Boston

Boston Calling Extortion Trial: 2 City Hall Officials Found Guilty of Conspiracy, 1 of Extortion

The trial focused on Boston's tourism chief Kenneth Brissette and its head of intergovernmental affairs Timothy Sullivan, who have resigned

Two aides of Boston Mayor Marty Walsh were found guilty of conspiracy to commit extortion on Wednesday after prosecutors accused them of bullying organizers of a music festival into hiring union laborers.

While the city's tourism chief Kenneth Brissette and its head of intergovernmental affairs Timothy Sullivan were both found guilty of conspiracy to commit extortion, Brisette was found guilty of extortion as well, while Sullivan was not.

Family members began to cry in the Boston federal courtroom as the verdict was being read.

"The defense never rests," an attorney for Sullivan said afterward. Both defendants asked the judge to consider a motion for acquittal, which prosecutors will have some time to respond to.

Brisette and Sullivan resigned from their jobs with the city, the mayor's office said Wednesday. They had been on paid leave.

Walsh, who wasn't called to testify during the two-week trial, said he was "surprised and disappointed" after the verdict came down.

"I have made clear from the beginning that there is only one way to do things in my Administration and that is the right way," Walsh said in a statement. "I have always believed that their hearts were in the right place. We have taken several measures at the City of Boston to ensure that every employee has the right tools and training to perform at the highest ethical standards, which has always been my expectation."

The jury began deliberating Tuesday, after hearing closing arguments from both sides. The 12-member panel on Wednesday morning asked for the judge's guidance on avoiding the media after the trial is over.

Judge Leo Sorokin had told jurors they need to decide whether Brisette and Sullivan had threatened to inflict "economic harm" on Crash Line, the production company that staged the 2014 Boston Calling festival.

He also said they need to consider whether those threats affected Crash Line's bottom line. The three-day event took place on City Hall Plaza in September 2014 and included about two dozen acts, including The National, Lorde, Nas and The Roots.

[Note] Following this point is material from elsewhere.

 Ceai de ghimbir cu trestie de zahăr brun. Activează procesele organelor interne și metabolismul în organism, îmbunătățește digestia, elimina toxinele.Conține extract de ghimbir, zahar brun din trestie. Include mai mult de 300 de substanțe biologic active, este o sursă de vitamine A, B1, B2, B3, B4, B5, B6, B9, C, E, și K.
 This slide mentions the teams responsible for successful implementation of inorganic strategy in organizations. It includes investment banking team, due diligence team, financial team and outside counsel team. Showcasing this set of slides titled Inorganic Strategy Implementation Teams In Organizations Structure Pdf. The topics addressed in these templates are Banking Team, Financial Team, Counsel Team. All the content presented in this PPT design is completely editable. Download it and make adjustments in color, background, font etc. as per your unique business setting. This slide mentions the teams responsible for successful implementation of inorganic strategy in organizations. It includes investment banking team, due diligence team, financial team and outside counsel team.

Assistant U.S. Attorney Laura Kaplan, in her closing argument, said Tuesday that Brissette and Sullivan had pressured concert organizers into hiring union workers in an effort to "curry favor" with Walsh, a former Democratic state lawmaker and longtime labor union executive.

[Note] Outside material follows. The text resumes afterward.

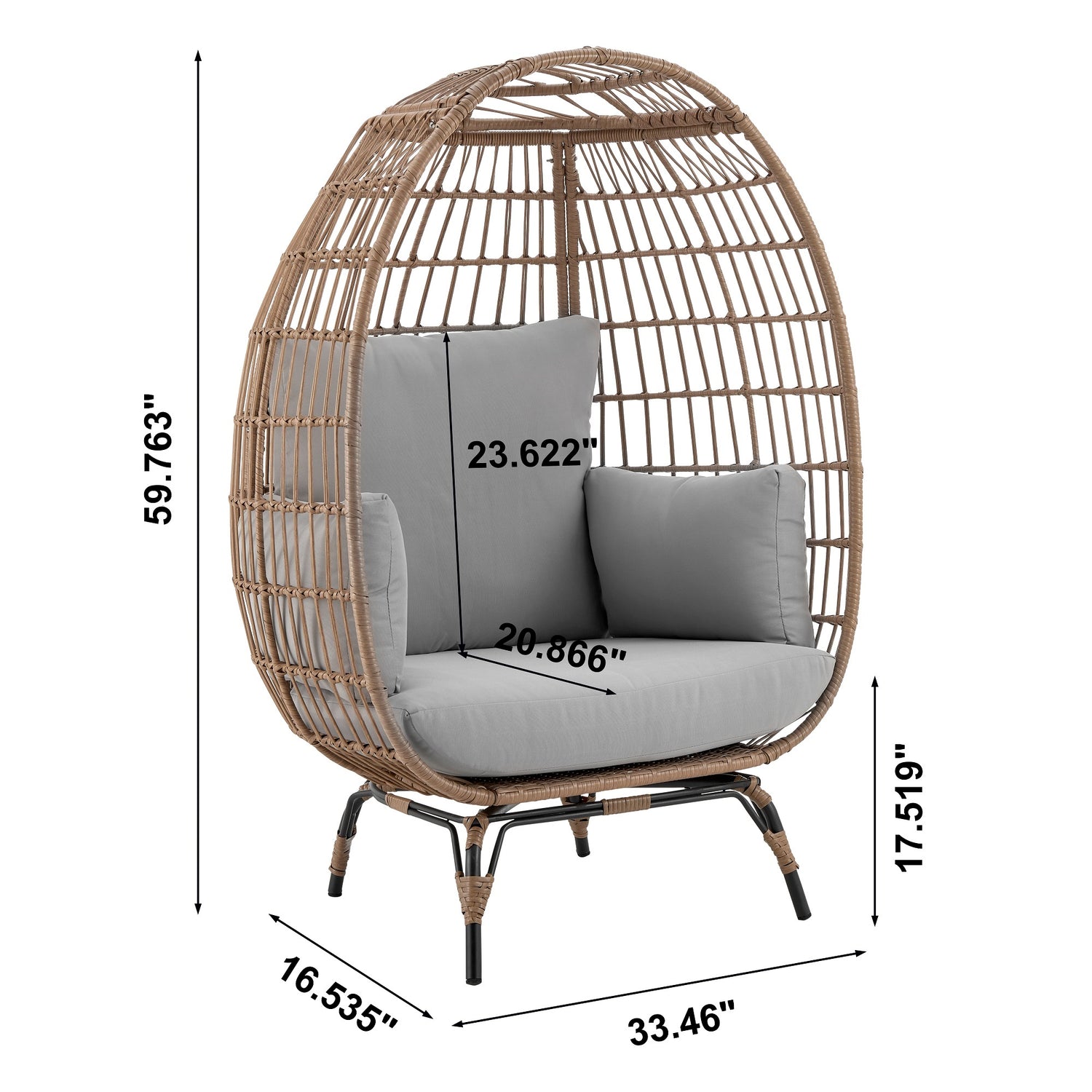 - Upon assembly, Patio Freestanding Egg Chair Dimensions Measure: 33.46 in. Length, 59.76 in. Height, 16.53 in. Depth.

Federal prosecutors said the two men wanted the organizers to hire members of the International Alliance of Theatrical Stage Employees and warned that labor unions would likely protest the festival if they refused.

Brissette and Sullivan's lawyers argued that the two men were simply asking concert promoters to consider hiring unionized workers in order to avoid a potentially embarrassing union protest, complete with a large inflatable rat.

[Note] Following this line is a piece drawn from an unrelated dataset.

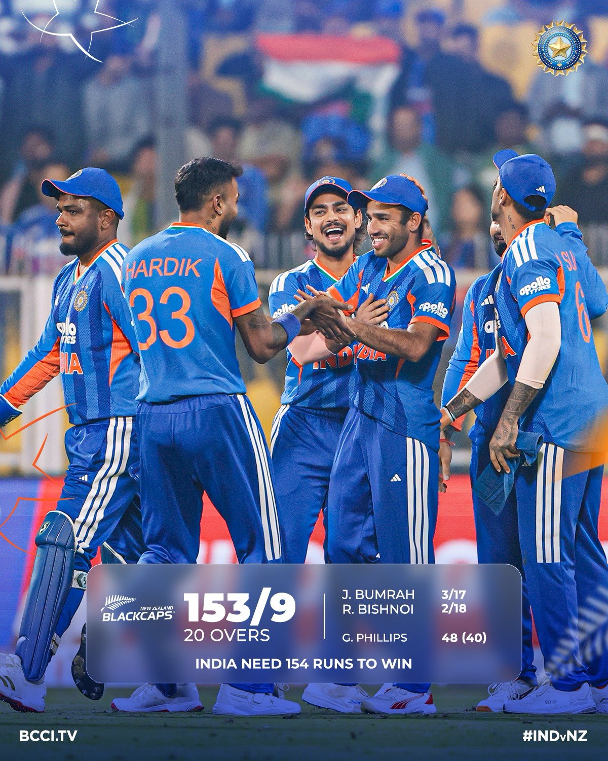 భారత జట్టు బౌలర్లలో బుమ్రా మూడు వికెట్లు, హార్దిక్ పాండ్య, బిష్ణోయ్ లు రెండేసి వికెట్లు తీసుకున్నారు. హర్షిత్ రానా కు  ఒక వికెట్ దక్కింది.

The production company ultimately hired nine union members and secured the necessary permits.

Brissette and Sullivan's lawyers called on former Police Commissioner William Evans.

Evans, who stepped down last year to head up security at Boston College, testified he had a testy meeting with concert promoters ahead of the event that had nothing to do with hiring union workers.

He said he wanted to impose restrictions on alcohol sales on the festival grounds following reports of excessive drinking and minors drinking alcohol during the prior Boston Calling festival, which had been held that May.

Another former city official also testified that neither of the two men on trial had a say in the entertainment license the festival ultimately received.

The trial came after a federal appeals court earlier this year reversed a 2018 ruling dismissing the case.

The appeals court said Sorokin had misinterpreted the law when he ruled that federal prosecutors would be required to prove the defendants personally benefited from the hiring of union workers.